The first road-test reviews of the newly revised 2020 Toyota C-HR have been published, following the recent European launch in Portugal.
A range of influential UK motoring publications were invited to the event. What were their impressions of the revised C-HR range and our new strategy of offering customers a choice of hybrid powertrains? Below is a selection of excerpts from some of the online reviews. To read the full reports from each outlet, click the emboldened links.
“Toyota expects the 2.0-litre model will account for… 25% of total C-HR sales and should satisfy the desire for a peppier, slightly swifter variant that it says its customers have expressed. This sounds like a fair shout. While the new 2.0-litre is by no means the quickest car on the planet, its additional poke is welcome. There’s enough in the way of urgency behind the way it accelerates to make its 8.2sec official 0-62mph time seem entirely credible.
“It handles sensibly, too. The steering is light, reasonably quick and accurate. The car takes on corners in a manner that balances an appealing level of responsiveness with laidback nonchalance; it changes directions swiftly, grips assertively and doesn’t feel too roly-poly.”
The level of clever tech the 2.0-litre utilises could take up the entire space of this review
“Even a few years on from its debut, the C-HR manages to cut a distinctive figure, so there wasn’t much need to fiddle with the styling.

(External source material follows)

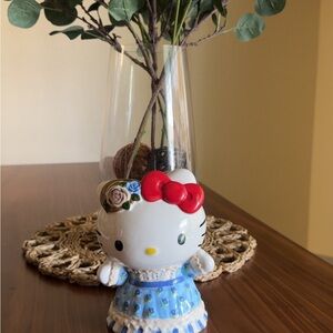 Charming Hello Kitty vase by Blue Sky. Features red and blue accents. Perfect for adding a playful touch to your decor.

“The range kicks off with the existing 1.8-litre hybrid… [where] the electrical system now draws from a lithium-ion battery that’s smaller, lighter and more powerful than the previous nickel-metal hydride item. And now there’s a new range-topping hybrid to choose from. The level of clever tech the 2.0-litre utilises could take up the entire space of this review, so all we’ll say is that the various innovations conspire to make [it] the most thermally efficient combustion engine on the market, a fifth lighter than Toyota’s previous 2.0-litre, and 50% more powerful than the 1.8, yet only 10% less fuel efficient.”
“On the move, the Toyota C-HR impresses. A fine balance has been struck between comfort and handling, meaning that road surface imperfections are ironed out nicely, but the car still feels solid and capable through the corners. The steering has been tweaked on the new 2.0-litre model, and it maintains a crisp feel that gives… an air of zing to the driving experience.”
It’s all very fitting for a fresh, undoubtedly greener, decade to come
“With a cleaner shape, the car radiates dynamism. LED headlights with integrated indicators and a more open grille give the up-to-the-minute C-HR a seductive ‘face’. Its rear light clusters also feature LED technology and there’s now a sleek spoiler spanning the width of the vehicle. Yes, it’s sexy.
“The petrol-electric system gives the car a balance of efficiency and clout unequalled among mass-production engines of today. It’s all very fitting for a fresh, undoubtedly greener, decade to come.”
“All-in, it does look a little less fussy… appearing smarter and a bit more appealing, while retaining the majority of its original wackiness. Inside, new materials adorn the top of the dash with that vivid blue streak across it the reserve of higher-spec Dynamic models. But there are plenty of curves, textures and surfaces to keep things interesting. The biggest news inside is an updated media system that… now comes with Apple CarPlay and Android Auto.
“Refinement is rather impressive, and the combination of hybrid engine/CVT transmission is one of the best yet in terms of noise and responsiveness. This version builds speed with pleasing pace that doesn’t leave you hanging.”
“What we [liked] before was the steering and suspension setup in the C-HR. Even so, Toyota has improved on that once again. There’s now an enhanced power steering system. The resulting feel is light but direct – you shouldn’t find yourself having to play with the wheel all that often.
“The ride is comfortable but not wallowy. You’ll corner flat and although you’ll notice bumps in the road, they never seem to shudder through the cabin as in some other crossovers, even with the larger 18-inch wheels fitted.”
“The C-HR feels… lively in urban driving, thanks to its electric motor giving you a boost when setting off. Indeed the C-HR positively zips away from the lights. Refinement, on the other hand, is impressive at all speeds. The C-HR lets you run on near-silent electric power much of the time in stop-start traffic, and while it needs to use the engine when cruising at the national limit, you can’t really hear it.
“Handling is another plus point. [It] handles a set of quick direction changes better than most other family SUVs, thanks to direct and accurate steering and minimal body lean.”